THE TASK :: With the pictures set aside, write out all of the data exactly as it stands.
★ ★ ★ ★
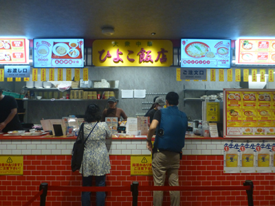 18時30分ごろ、フードコートへ。19時19分から花火があるので、それまでに夕食をすまそう。混んでいるフードコートの場合、2人いると便利だ。 |
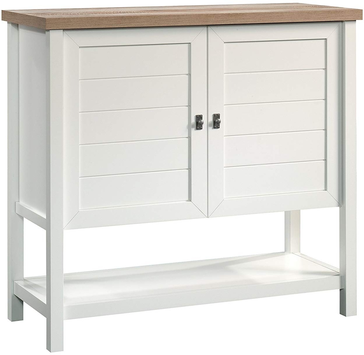 Need a solution for your clutter and chaos? Check out this storage cabinet from the Cottage Road collection. This bright and airy cabinet features hidden storage behind each of the doors along with two adjustable shelves for enhanced storage possibilities. It also features a lower open shelf for additional storage! Finished on all sides in Soft White with a Lintel Oak accent, this stylish cabinet will take your home from mess to yes in no time.
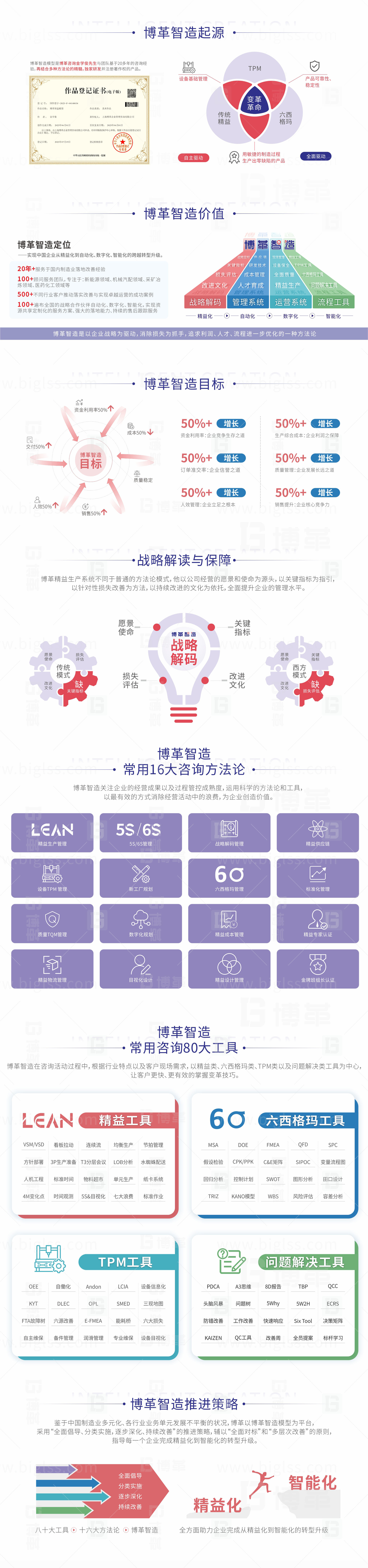 經(jīng)過20多年的沉淀和實踐,上海博革咨詢總結出適合國內(nèi)制造型企業(yè)精益管理變革的模型BPS。下面的“精益生產(chǎn)推進8大步驟”是從BPS模型中導出的,適合國內(nèi)絕大部分機械行業(yè)的精益生產(chǎn)推進方法。
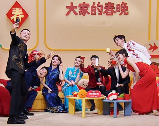 与此同时,舞台的另一边,是齐思钧主持的《大家的春晚》采访了每一位刚刚从央视春晚出来的嘉宾。
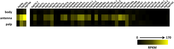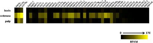 Figure 1. AgIr transcript abundances in adult appendages and larval heads.Heat map depicting abundances of An. gambiae variant ionotropic receptors (AgIrs) in adult chemosensory tissues (data adapted from28). Scale color intensity indicates Reads Per Kilobase per Million reads (RPKM).
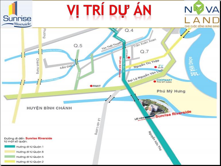 Chung cư Sunrise Riverside tọa lạc trên tuyến đường huyết mạch Nguyễn Hữu Thọ của khu đô thị mới quận 7 nối liền với Phú Mỹ Hưng. Dự án Sunrise City View bảo đảm sự thuận tiện tối ưu trong hoạt động kết nối giao thông. Từ đây, cư dânchỉ mất 10 phút tới ngay chợ Bến Thành, 3 phút tới ngay Phú Mỹ Hưng cũng như những quận trung tâm như quận 5, 4, 8, 10 .
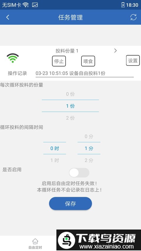 3、允许设定定时喂食计划,并显示约十条近期操作日志;
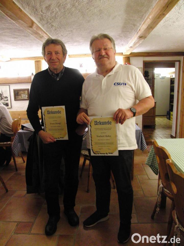 Zwei Ehrungen standen ebenfalls an, die stellvertretendes Kreisvorstandsmitglied Johannes Reger und Vorsitzender Naber übernahmen. Ganze 35 Jahre lang ist Franz Stangl nun schon der CSU treu. 20 Jahre unterstützt Norbert Rahn die Partei. Beide erhielten Urkunden für ihre langjährige Mitgliedschaft.
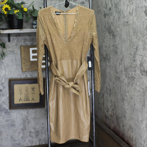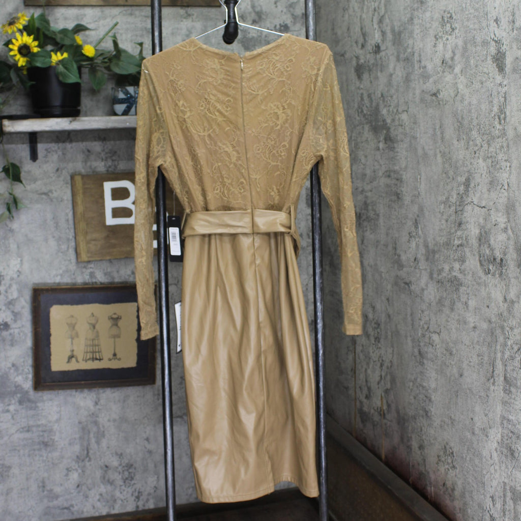 Leather Composition: 50% Polyurethane, 50% Polyester; Lace: 80% Nylon, 20% Spandex; Lining: 95% Polyester, 5% Spandex Care Instructions: Dry Clean Only Origin: Imported Shoulder Length: 42.5 Inches
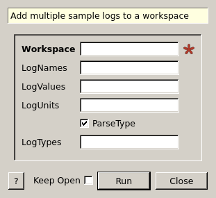This algorithm provides a way of adding multiple sample log entries to a workspace at once by making multiple calls to the AddSampleLog v1 algorithm.
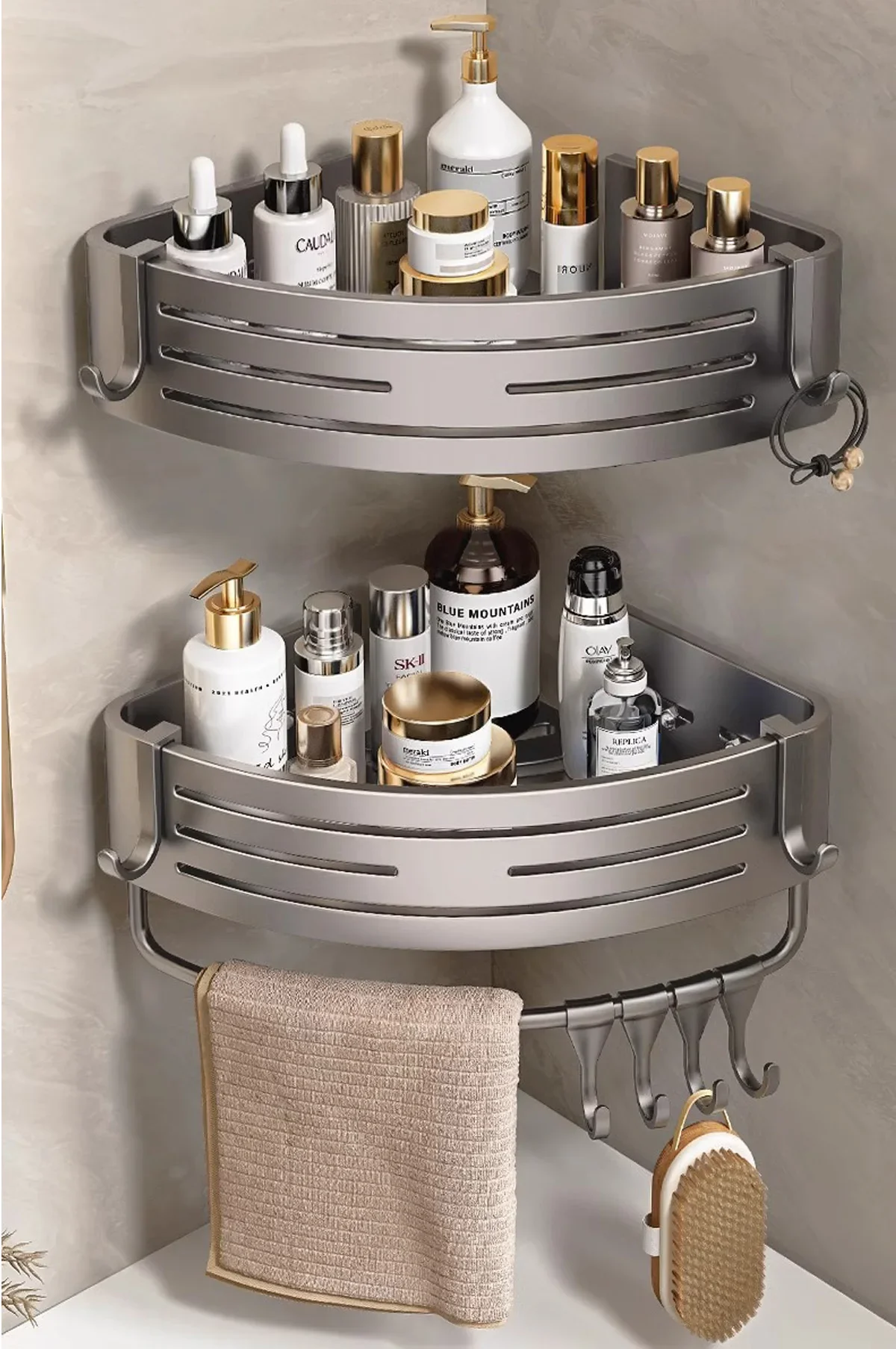 Designed for optimal storage capacity, our corner shelf provides ample space to accommodate a variety of bathroom essentials, freeing up valuable bathroom space. Each shelf comes with two hanging hooks and a towel bar for added convenience.
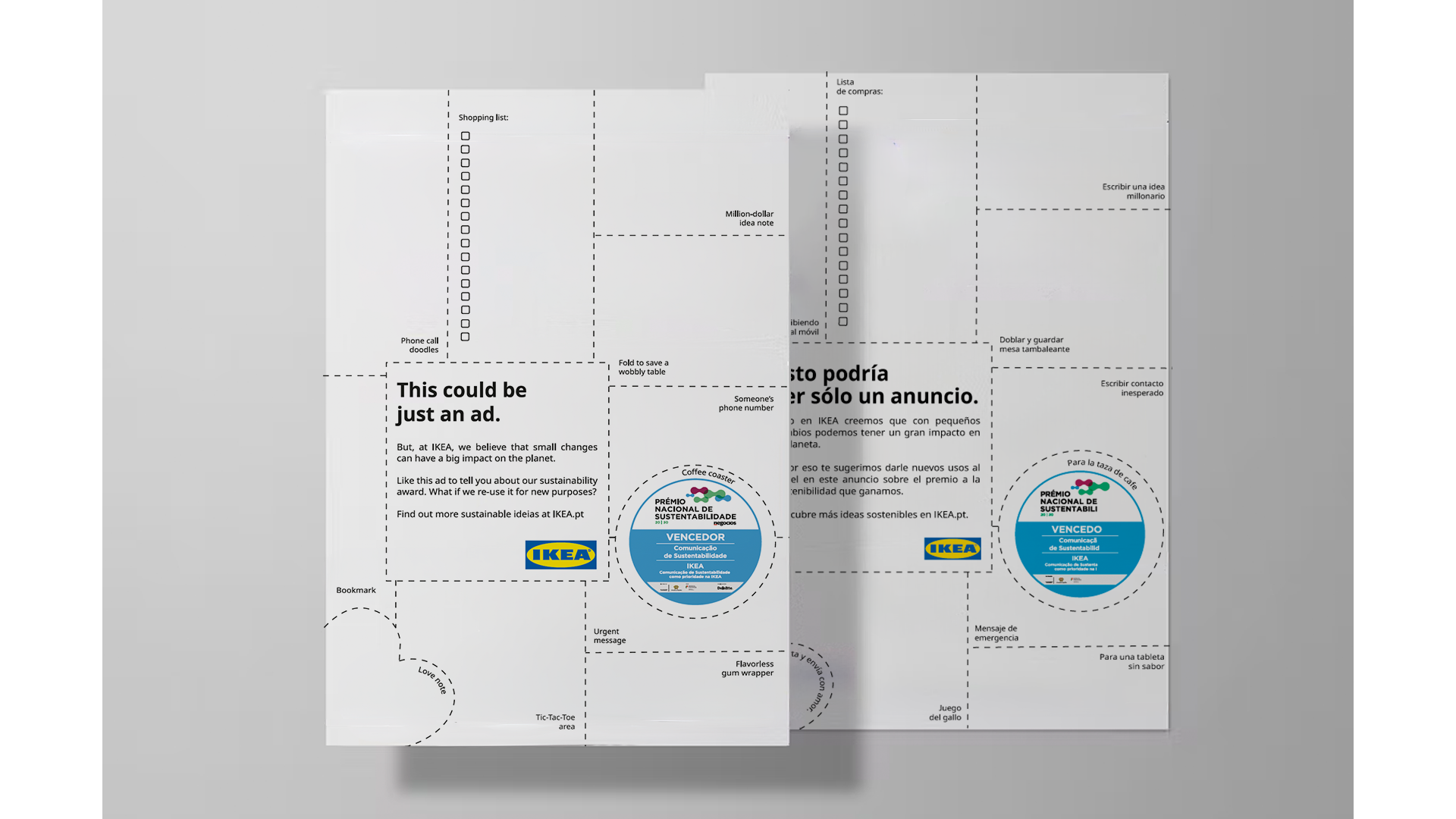 This professional campaign titled 'This could be just an ad' was published in Portugal in November, 2021. It was created for the brand: IKEA, by ad agency: Uzina. This Print medium campaign is related to the Retail Services industry and contains 3 media assets. It was submitted over 2 years ago.
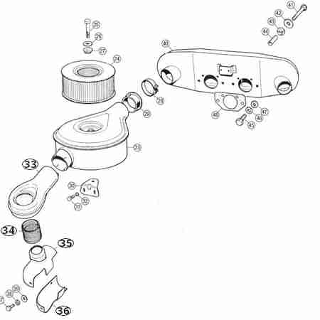 The metal tube on the inlet of the filter housing ('33') has the thermostatically-controlled flap above the flexible tube ('34'), which leads down to the shroud round the cast-iron manifold ('35', '36').
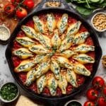 Delicious and comforting baked stuffed jumbo pasta shells filled with a creamy spinach and ricotta cheese mixture, topped with marinara sauce, toasted pine nuts, and fresh basil. This recipe features perfectly cooked conchiglioni pasta shells stuffed with a flavorful blend of cheeses, spinach, and lemon zest, baked until bubbly and golden.
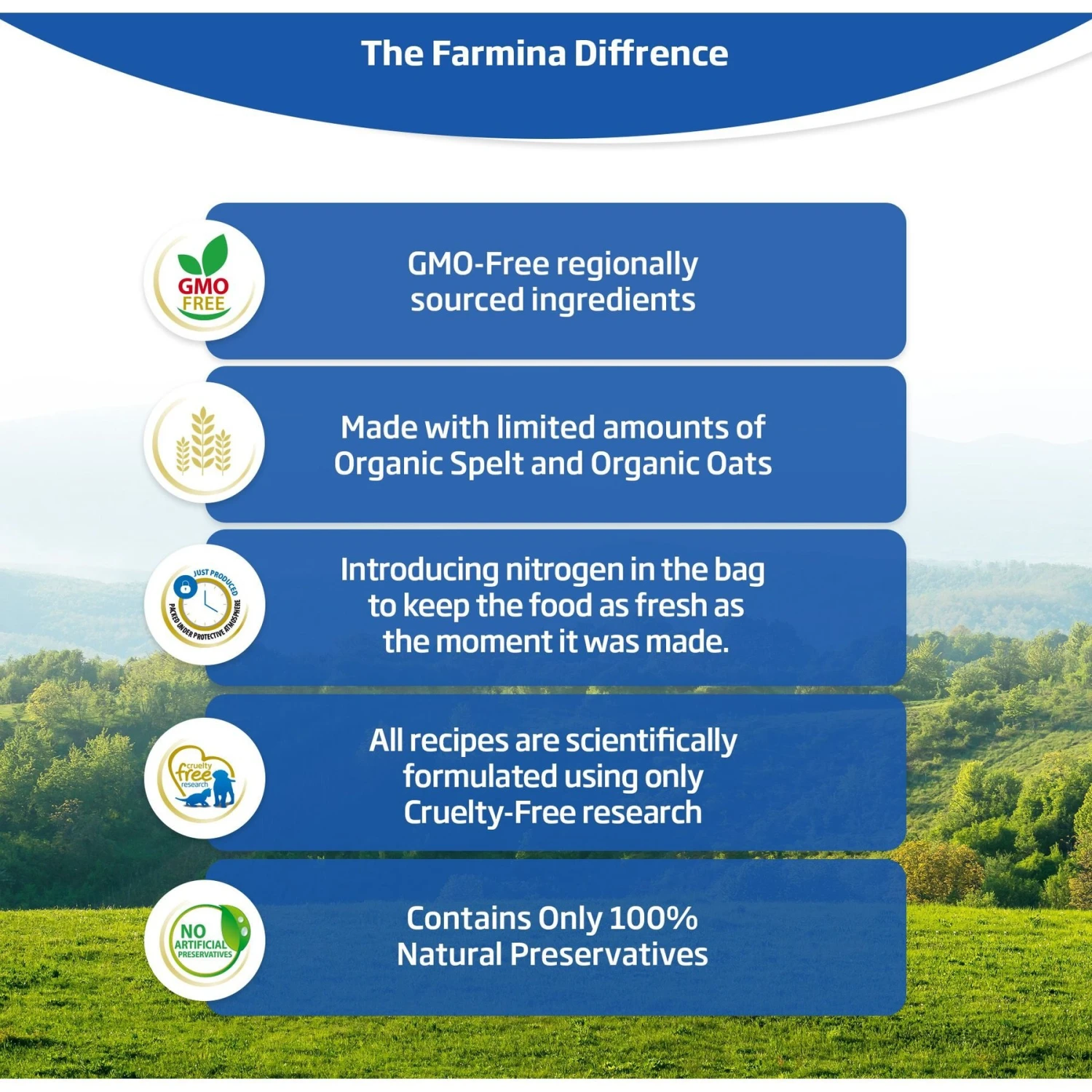 - Puppy food that’s comprised of a limited amount of low glycemic index grains, including spelt and oats.
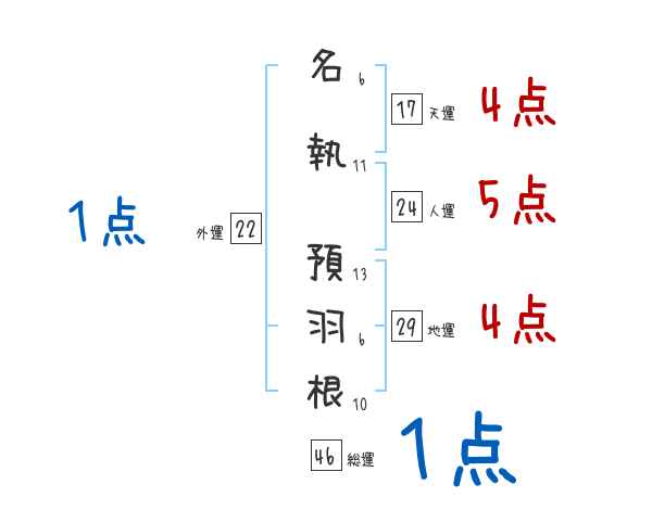 名執預羽根さんの画数の鑑定結果
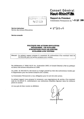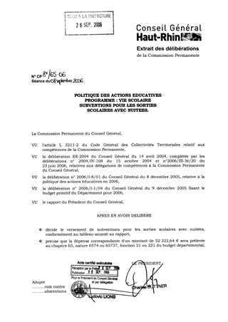 Politique des actions éducatives : programme : vie scolaire. Subventions pour les sorties scolaires avec nuitées
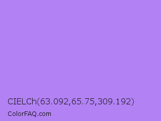 CIELCh 63.092,65.75,309.192 Color is a light violet color and the nearest color is Lavender #b57edc. Hex code #b281f4 and RGB value is rgb(178,129,244). In RGB color space, this color is composed of 70% red, 51% green, 96% blue, In CMYK color space, this color is composed of 27% cyan, 47% magenta, 0% yellow , 4% black , In HSL color space, this color has a hue angle of 266° , 84% saturation and 73% lightness.
★ ★ ★ ★
EXERCISE OUTPUT ::
 18時30分ごろ、フードコートへ。19時19分から花火があるので、それまでに夕食をすまそう。混んでいるフードコートの場合、2人いると便利だ。 |
 Need a solution for your clutter and chaos? Check out this storage cabinet from the Cottage Road collection. This bright and airy cabinet features hidden storage behind each of the doors along with two adjustable shelves for enhanced storage possibilities. It also features a lower open shelf for additional storage! Finished on all sides in Soft White with a Lintel Oak accent, this stylish cabinet will take your home from mess to yes in no time.
 經(jīng)過20多年的沉淀和實踐,上海博革咨詢總結出適合國內(nèi)制造型企業(yè)精益管理變革的模型BPS。下面的“精益生產(chǎn)推進8大步驟”是從BPS模型中導出的,適合國內(nèi)絕大部分機械行業(yè)的精益生產(chǎn)推進方法。
 与此同时,舞台的另一边,是齐思钧主持的《大家的春晚》采访了每一位刚刚从央视春晚出来的嘉宾。
 Figure 1. AgIr transcript abundances in adult appendages and larval heads.Heat map depicting abundances of An. gambiae variant ionotropic receptors (AgIrs) in adult chemosensory tissues (data adapted from28). Scale color intensity indicates Reads Per Kilobase per Million reads (RPKM).
 Chung cư Sunrise Riverside tọa lạc trên tuyến đường huyết mạch Nguyễn Hữu Thọ của khu đô thị mới quận 7 nối liền với Phú Mỹ Hưng. Dự án Sunrise City View bảo đảm sự thuận tiện tối ưu trong hoạt động kết nối giao thông. Từ đây, cư dânchỉ mất 10 phút tới ngay chợ Bến Thành, 3 phút tới ngay Phú Mỹ Hưng cũng như những quận trung tâm như quận 5, 4, 8, 10 .
 3、允许设定定时喂食计划,并显示约十条近期操作日志;
 Zwei Ehrungen standen ebenfalls an, die stellvertretendes Kreisvorstandsmitglied Johannes Reger und Vorsitzender Naber übernahmen. Ganze 35 Jahre lang ist Franz Stangl nun schon der CSU treu. 20 Jahre unterstützt Norbert Rahn die Partei. Beide erhielten Urkunden für ihre langjährige Mitgliedschaft.
 Leather Composition: 50% Polyurethane, 50% Polyester; Lace: 80% Nylon, 20% Spandex; Lining: 95% Polyester, 5% Spandex Care Instructions: Dry Clean Only Origin: Imported Shoulder Length: 42.5 Inches
This algorithm provides a way of adding multiple sample log entries to a workspace at once by making multiple calls to the AddSampleLog v1 algorithm.
 Designed for optimal storage capacity, our corner shelf provides ample space to accommodate a variety of bathroom essentials, freeing up valuable bathroom space. Each shelf comes with two hanging hooks and a towel bar for added convenience.
 This professional campaign titled 'This could be just an ad' was published in Portugal in November, 2021. It was created for the brand: IKEA, by ad agency: Uzina. This Print medium campaign is related to the Retail Services industry and contains 3 media assets. It was submitted over 2 years ago.
 The metal tube on the inlet of the filter housing ('33') has the thermostatically-controlled flap above the flexible tube ('34'), which leads down to the shroud round the cast-iron manifold ('35', '36').
 Delicious and comforting baked stuffed jumbo pasta shells filled with a creamy spinach and ricotta cheese mixture, topped with marinara sauce, toasted pine nuts, and fresh basil. This recipe features perfectly cooked conchiglioni pasta shells stuffed with a flavorful blend of cheeses, spinach, and lemon zest, baked until bubbly and golden.
 - Puppy food that’s comprised of a limited amount of low glycemic index grains, including spelt and oats.
 名執預羽根さんの画数の鑑定結果
 Politique des actions éducatives : programme : vie scolaire. Subventions pour les sorties scolaires avec nuitées
 CIELCh 63.092,65.75,309.192 Color is a light violet color and the nearest color is Lavender #b57edc. Hex code #b281f4 and RGB value is rgb(178,129,244). In RGB color space, this color is composed of 70% red, 51% green, 96% blue, In CMYK color space, this color is composed of 27% cyan, 47% magenta, 0% yellow , 4% black , In HSL color space, this color has a hue angle of 266° , 84% saturation and 73% lightness.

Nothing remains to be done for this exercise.